In 2012, Gordy starred in the short film TimeSlip, written and directed by Suchi Chatterjee. It was made with the support of the Oyster Project in Lewes. It won the Our Story award in the Oska Bright Film Festival 2013. It also won the Our Story Class in the Australian 2014 Sit Down Shut Up & Watch (SDSW) Festival and was short-listed for the Picture This Film Festival in Calgary, Canada. Gordy co-directed and played Mary in "The Infant King" for the Oyster Project.

In 2013, Gordy won a BBC Sussex and Surrey Community Heroes Award. She was given the Arts Award in Lewes Town Council's Civic Awards in 2014 for service to the people of Lewes and her work in the Arts, especially for disabled people living and working in Lewes.

Gordy broke new ground in 2014 by playing a central character without a disability in the play Crocodiles at Manchester's Royal Exchange Theatre. She has done a lot of theatre work, appearing in Once We were Mothers by Lisa Evans for the New Vic, Newcastle-under-Lyme, and in its second production at The Orange Tree Theatre, Richmond. She co-starred in the two-person play Into the Blue at The Arcola Theatre, London. She played the leading role in a touring theatre production, Seize the Day, with Hijinx Theatre, and has also toured with The Theatre Centre and Kazzum Theatre.

Gordy is one of the principal dancers for Culture Device Dance Project, an experimental dance company for professional dancers with Down syndrome. She has performed in Germany, Macedonia, UK and Ireland.
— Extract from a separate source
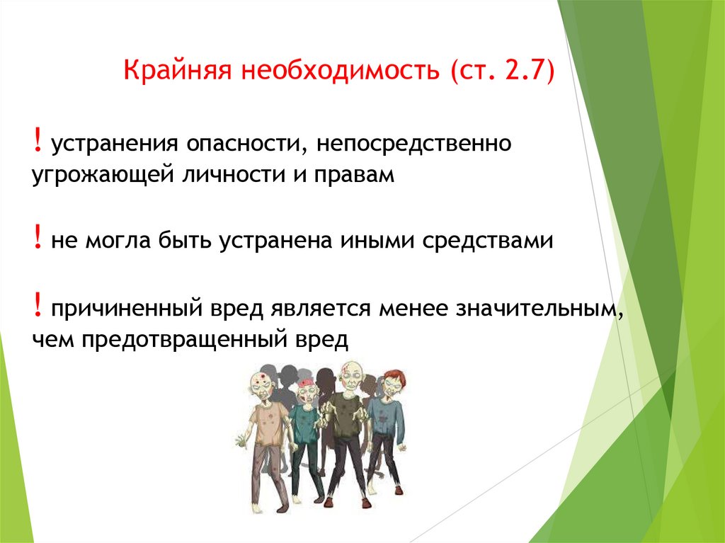 Крайняя необходимость (ст. 2.7)! устранения опасности, непосредственно

She performed a series of dance pieces at the My Perspective International Photography Competition Awards Ceremony in June 2016 which is held each year by the Down's Syndrome Association (DSA).
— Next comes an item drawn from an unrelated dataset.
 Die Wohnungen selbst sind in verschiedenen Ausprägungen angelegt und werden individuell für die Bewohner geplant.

Gordy has also done a lot of modelling work. She is one of the models in the ongoing Radical Beauty Project, which seeks to change the way we see Down's Syndrome. She was photographed by Rankin as part of Mencap #HereIAm campaign. She worked with Richard Bailey on his award-winning After Vermeer series for Shifting Perspectives for the DSA.
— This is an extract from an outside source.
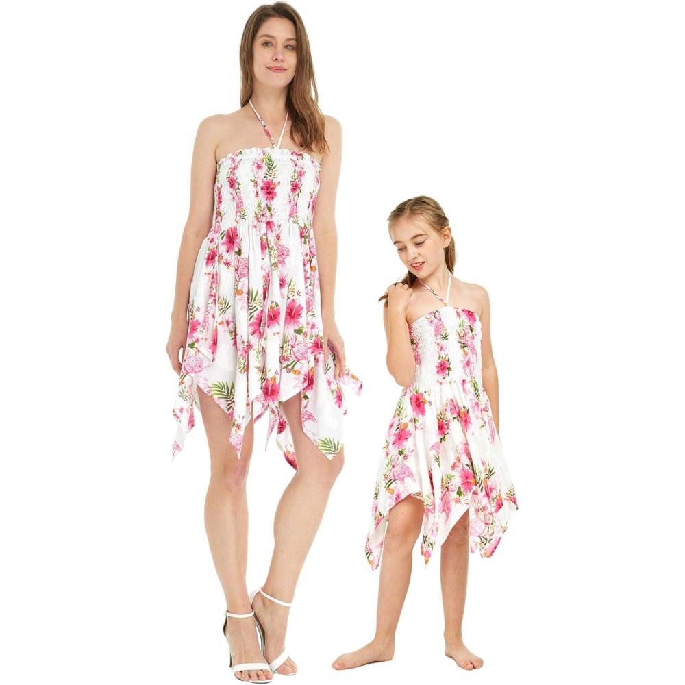 This beautiful Hawaiian print Women and Girl matching outfit is made of rayon, soft and silk-like. Women fairy dress comes in One size. Girl Fairy Dress has an elastic back which makes fitting easy and feels comfortable. Girl's dress comes in size 4-12 Years Old. This pattern also has more styles for men, Women, boys and girls.

In 2017, Gordy portrayed Orlando Quine in two episodes of Strike: The Silkworm

In November 2018, Gordy was presented with an MBE for services to the arts and people with disabilities. The MBE had been awarded as part of the Queen's Birthday Honours in June. The following month, she received an honorary Doctor of Law degree from the University of Nottingham, becoming the first person with Down's Syndrome to be awarded an honorary degree by a British university.

Gordy starred in Jellyfish, a new play written by Ben Weatherill, which premiered at the Bush Theatre in June 2018. Following a sold-out run at the Bush, it moved to the National Theatre in July 2019. Gordy was nominated for Best West End Debut in The Stage Debut Awards 2019.

In March 2019, Gordy performed "The Rite Re-evisioned" with Culture Device Dance Project and dancers of The Royal Ballet at the Royal Opera House. Culture Device performed the dance again for the film The Rite, which was nominated for Fashion Film Award.

In 2019, Gordy joined the cast of The A Word, as Katie, in the third season of the BBC drama series. This aired in May 2020 with Ralph and Katie's storyline building up to their wedding and moving in together. In August 2020 the BBC announced that the characters would get their own spin-off series, which aired in 2022.

In 2020 writer Saba Salman put together a book with contributions from leading people with learning disabilities. "Made Possible: Stories of success by people with disabilities – in their own words" included contributions from the artist Laura Broughton, the singer Lizzie Emeh and Gordy.

==Personal life==
Gordy has a younger sister, Catherine. Their mother, Jane Gordy, acts as Sarah's drama coach, travelling with her and helping with her lines.

Gordy lives in Lewes, East Sussex. She enjoys dancing and working out. When she is not acting, she regularly volunteers at the local British Heart Foundation charity shop.

Gordy is a celebrity ambassador for Mencap and Patron of Circus Starr. In 2019, she became Patron of the Cutting Edge Theatre Company in Scotland.